The work on Boxroot presented with @gasche at the ML workshop is meant to enable the development of safe interfaces between OCaml and Rust. I am working on such an interface for multicore OCaml to serve as a common building block for the few other projects in this area, by giving a reference implementation of the multicore memory-safety model. We also opened an RFC opening the possibility to integrate Boxroot with the OCaml runtime, but there are a few things to clarify before this can be considered.

At the OCaml workshop I presented an implementation in the runtime of a large page allocator with support for huge pages (THP) and efficient pointer classification (i.e. what you need to point to dynamically-allocated memory in the GC heap with sharing-like properties, à la Ancient and OCamlnet). It is part of longer-term goals, along with Boxroot, aiming to show how it is possible to mix tracing GC with the idea of linear allocation with re-use coming from linear logic (a.k.a. “functional but in place” in recent papers). (Such a hybrid allocation scheme could open now possibilities in programming for large data or low latency requirements in functional programming.) This is loosely inspired by old papers by Jean-Yves Girard on mixing linear, intuitionistic and classical reasoning inside the same deductive system.

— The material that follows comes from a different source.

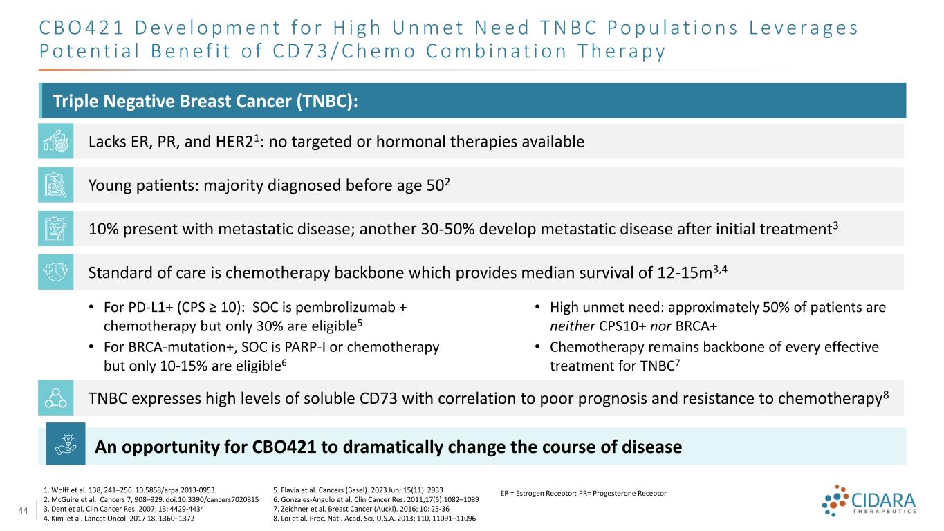 43 Test article Target/Class Maximum % internalization EC50 [nM] CBO421 CD73/DFC 81 0.07 AB680* CD73/small molecule 0* NA Oleclumab# CD73/mAb 38 0.27 C o m b i n at i o n o f Re c e p t o r I n t e r n a l i za t i o n a n d Po t e n t C ata l y t i c I n h i b i t i o n Po s i t i o n s C B O 4 2 1 a s a n I d e a l C h e m o t h e ra p y Pa r t n e r CD73 Internalization on MDA-MB-231 tumor cells by flow cytometry (4 hours post incubation) °MDA-MB-231 cell line was isolated at MD Anderson, is ER, PR, and E-cadherin negative, and expresses mutated p53. It is commonly used to represent a model of TNBC. *AB680 – Arcus Biosciences CD73 inhibitor, internalization data not shown #Oleclumab – Astra Zeneca biosimilar CD73 inhibitor CBO421 combines potent CD73 inhibition and CD73 downregulation, distinguishing it from small molecule and mAb CD73 inhibitors in clinical trials

All this is part of a longer-term investigation into the mixing of systems and functional programming centred on the notion of resource as a first-class value. (I have various ideas in this area ranging from hands-on to very theoretical; students in France or in Cambridge UK should feel free to get in touch with me if they are interested overall by this subject.)

reisenberg · November 14, 2022, 5:14pm

The Jane Street compilers team is hard at work on a number of fronts, though perhaps less visibly than in the past. Previously, we worked on a feature and got it merged upstream without releasing it internally. This meant that our colleagues would have to wait for a main trunk release of OCaml before getting the new feature, a turnaround time that was sometimes too slow. In order to decrease latency between feature conception and use, we have now changed to a new workflow where we develop and release features internally while we work to upstream.

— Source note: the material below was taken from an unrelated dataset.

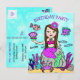 Un moyen mignon et abordable d'inviter des amis à la fête d'anniversaire d'une petite fille. Une sirène caucasienne brune aux yeux verts et ses amis sous la mer, dessinés à la main dans un style d'art folklorique fantaisiste, pour une invitation d'anniversaire de fille aux couleurs vives.

Not only does this new workflow get features into the hands of our developers faster, it also allows us to improve the final product:

The upstreaming discussion can be informed by actual practice by the 700+ OCaml developers within Jane Street. We can, for example, examine developer adoption rates and performance impact with ease.
Because we can access the entire code base where a feature is deployed, we can correct design mistakes with low cost. For example, if a feature proves too confusing to use in practice, we can change its syntax. Indeed, Jane Street regularly makes broad updates to its code base, and this kind of change fits within our workflow. For main-trunk OCaml, this means that features are more fully tested than they could be otherwise.

Upstreaming – contributing back to an open-source project and working in a language that reaches beyond our walls – remains a core value for the compilers team. (Indeed, one of my explicit job responsibilities at Jane Street is to help facilitate this process.) In addition, all our compiler work is fully open-source.

That said, we have a number of features we’re excited to share progress on, listed below. Expect to see proper proposals for these (posted to the RFCs repo) in due course.

Local allocations, implemented by Stephen Dolan and Leo White. This adds support for stack-allocated blocks, enforcing memory safety by requiring that heap-allocated blocks never point to stack-allocated blocks (and stack-allocated blocks never point to shorter-lived stack-allocated blocks). Function arguments can be annotated as local_ to say that the function does not store that argument. For example,

val map : 'a list -> f:local_ ('a -> 'b) -> 'b list

says that map does not store the function it is passed anywhere in the output, allowing the function closure to be stack-allocated. Stack-allocated record, variants, etc., are also possible. See also Stephen Dolan’s talk at ML’22.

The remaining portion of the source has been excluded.